What Qwen is shipping
The series is presented as a set of “small models” built on the same Qwen3.5 foundation, with native multimodal support, an improved architecture, and scaled RL.
Qwen’s own sizing guidance is straightforward:
- 0.8B / 2B: positioned as tiny and fast, aimed at edge device scenarios
- 4B: described as a strong multimodal baseline for lightweight agents
- 9B: framed as compact, while “closing the gap” with much larger models
Distribution links were shared for both major model hubs: Hugging Face and ModelScope.

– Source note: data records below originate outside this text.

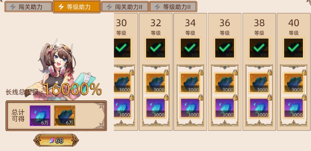 2期的闯关助力,也非常推荐购买,68元 = 6万钻石 + 4000万金币 = 600抽 + 4000万金币,金币基本能培养 4 个满星角色了。
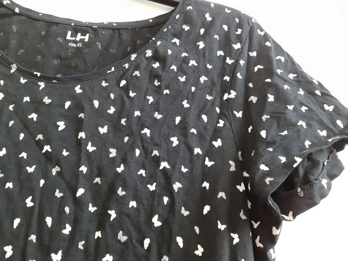 T-shirt femme noire avec papillons blanc et argenté taille XL - photo numéro 2
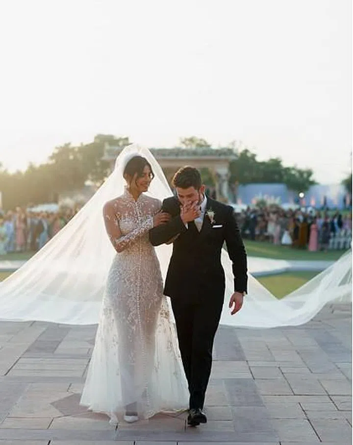 36岁的印度女星Priyanka Chopra与小10岁的美国歌手Nick Jonas交往两个月后在2018年7月闪电订婚。同年12月,小两口特地飞回女方的家乡印度,在其著名的焦特布尔市(Jodhpur)举行超盛大婚礼。Priyanka Chopra当天身穿Ralph Lauren定制高领婚纱,以手工串珠与手工刺绣制成,饰有花卉图案与蕾丝细节。婚纱共花上1826小时完成,绣有水晶珠子和施华洛世奇水晶,最后以135个缎面纽扣缝合。另外,内搭裙装由238万颗珍珠贝母亮片组成,做工精致。Priyanka Chopra所戴的头纱更是长达22.5米,相当大气,令人惊艳。
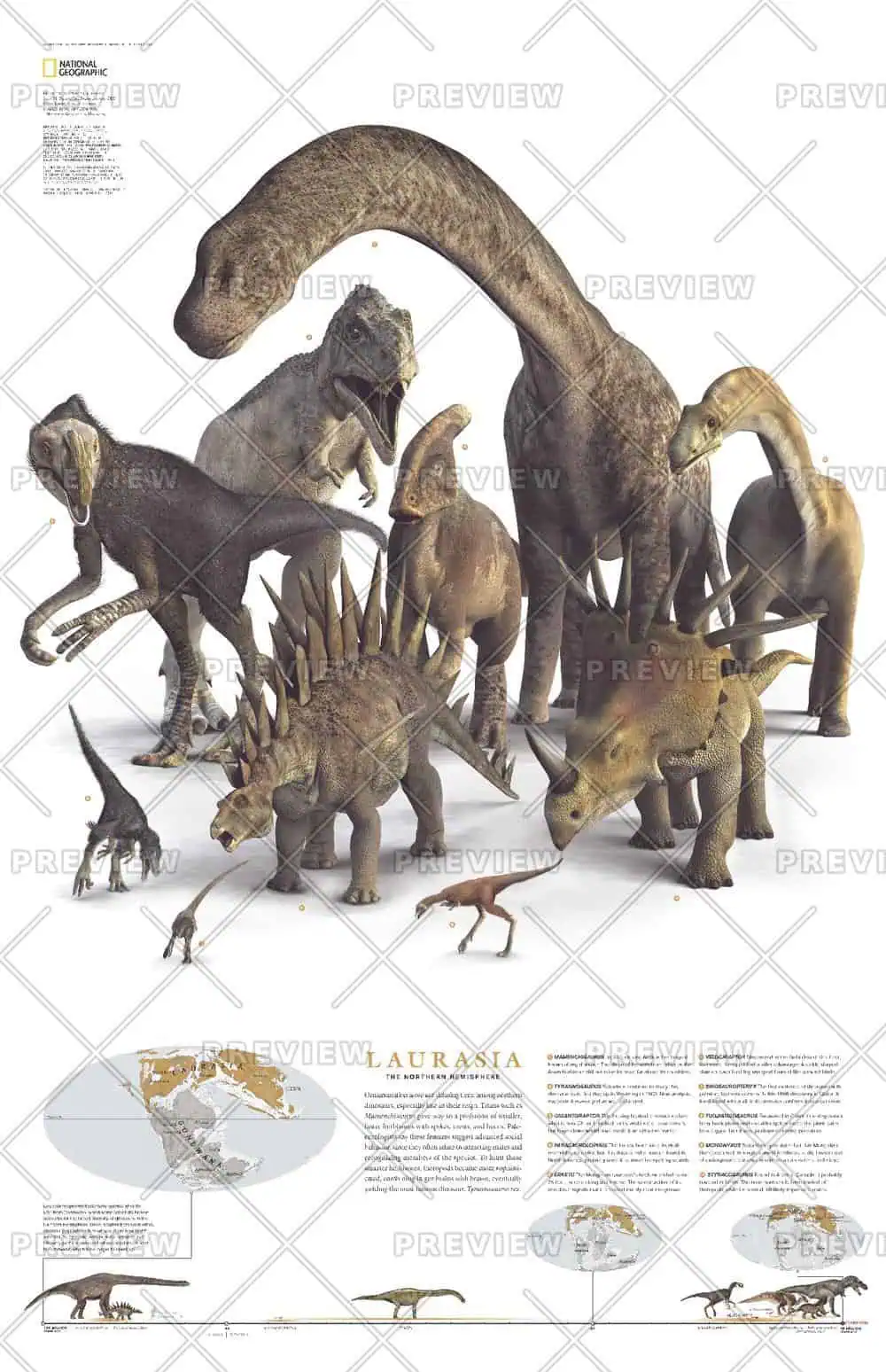 When the supercontient Pangaea separated into two great landmasses, Gondwana in the south and Laurasia in the north, dinosaur populations were divided into two main populations that evolved mostly in isolation from each other until they met their end 65 million years ago. This remarkable poster was published in December 2007 as half of a two-piece set. It features ten of the dinosaurs that roamed Laurasia in the northern hemisphere. More than 550 species of dinosaurs have been named, and scientists estimate that more than a thousand others are waiting to be found.
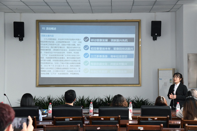 在阳光小分队、宣纸小分队、桂族小分队、护法小分队、红旅小分队、遵义小分队的分享中,我们感受了攀枝花的乡土风情、柳州的侗乡人文、瑞金的长征红色文化,了解了“活宝”宣纸的制作流程、六盘水和遵义的宣讲活动。分享队伍通过多个制作精美的实践宣传视频让我们看到了“三下乡”活动丰硕的实践成果。

Local-first tooling shows up quickly
Notably, the models also landed in Ollama the same day. In a separate post, Ollama said the Qwen 3.5 small models are available there and that all models support native tool calling, thinking, and multimodal capabilities in Ollama, with run commands for each size:
ollama run qwen3.5:9bollama run qwen3.5:4bollama run qwen3.5:2bollama run qwen3.5:0.8b
Early community signals: edge, agents, and practical throughput
The initial replies and quotes quickly centered on local hosting and agent workflows, especially around the 4B and 9B sizes. One developer called out the 9B as “solid for local hosting,” while another highlighted the 4B as an “embedded agent” sweet spot for multi-step tool calls.
There were also early performance anecdotes. Petri Kuittinen reported running Qwen3.5-9B at ~30 token/s on an “AMD Ryzen™ AI Max+ 395” using Q4_K_XL quantization and a 256k context window, adding that it required less than 16 GB VRAM in that setup. Separately, Unsloth AI said Qwen3.5 Small models can be run locally on a 6GB Mac / RAM device via their GGUFs, linking here: https://t.co/7Jmp13uYfU.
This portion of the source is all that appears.